YOUR OBJECTIVE >> When copying the listing below, skip every picture and keep each word as it stands.

INFORMATION PROVIDED >>
______

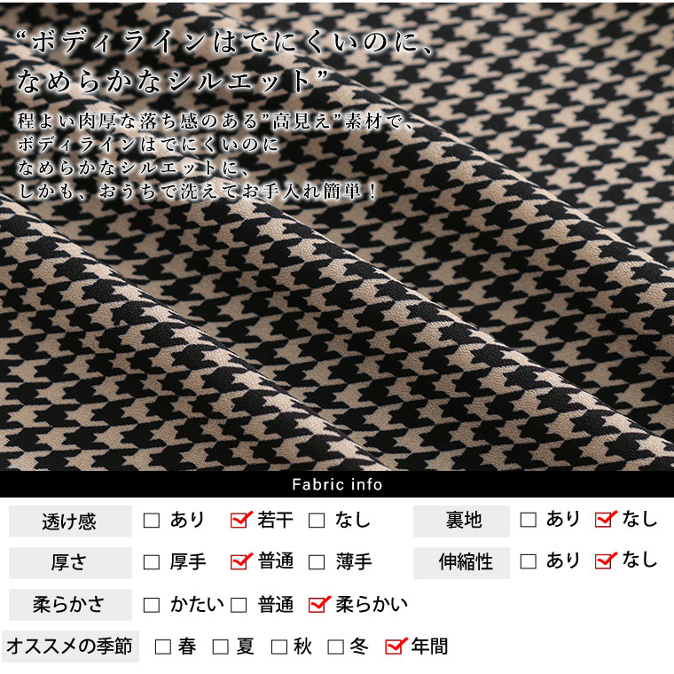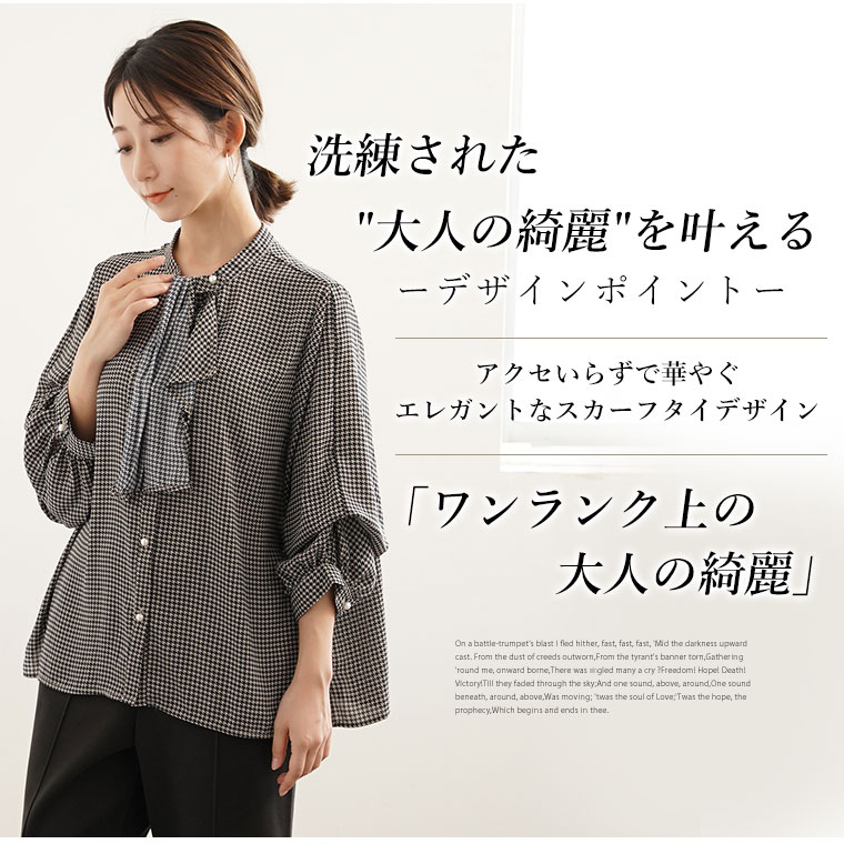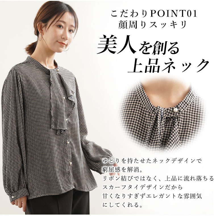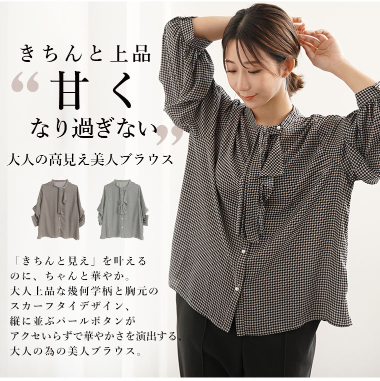 大人上品な幾何学柄と胸元のスカーフタイデザイン、縦に並ぶパールボタン
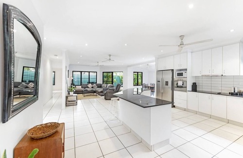 A bright, open plan layout is designed for the tropics, with louvre windows and tiled floors throughout. A comfortable living area provides the ideal space to kick back and unwind with a movie, with oversized lounges providing ample seating. Sliding glass doors open out to a spacious patio area complete with sandstone paving, where you can enjoy pool days while having a BBQ by the alfresco dining setting.
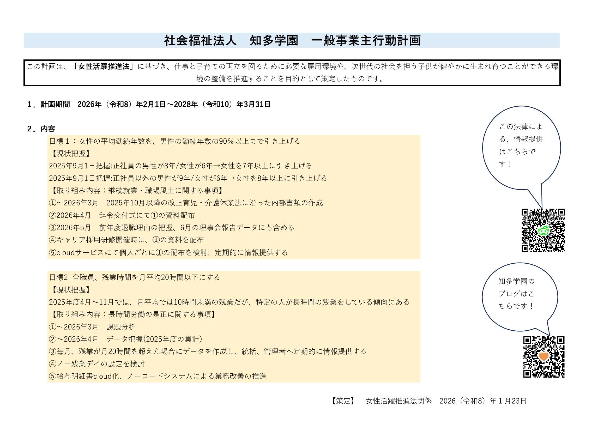 一般事業主行動計画の計画を「女性活躍推進法」に基づき以下の通り変更しました。
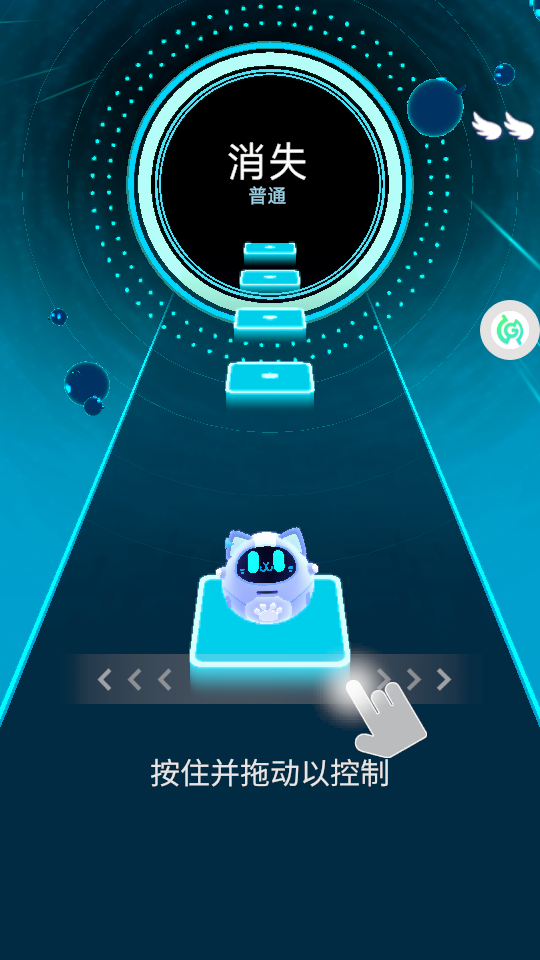 1、进入游戏,在“消失-普通”关卡,按“按住并拖动以控制”的提示,操控角色沿方块路径移动。

______

FINISHED TASK >>
 大人上品な幾何学柄と胸元のスカーフタイデザイン、縦に並ぶパールボタン
 A bright, open plan layout is designed for the tropics, with louvre windows and tiled floors throughout. A comfortable living area provides the ideal space to kick back and unwind with a movie, with oversized lounges providing ample seating. Sliding glass doors open out to a spacious patio area complete with sandstone paving, where you can enjoy pool days while having a BBQ by the alfresco dining setting.
 一般事業主行動計画の計画を「女性活躍推進法」に基づき以下の通り変更しました。
 1、进入游戏,在“消失-普通”关卡,按“按住并拖动以控制”的提示,操控角色沿方块路径移动。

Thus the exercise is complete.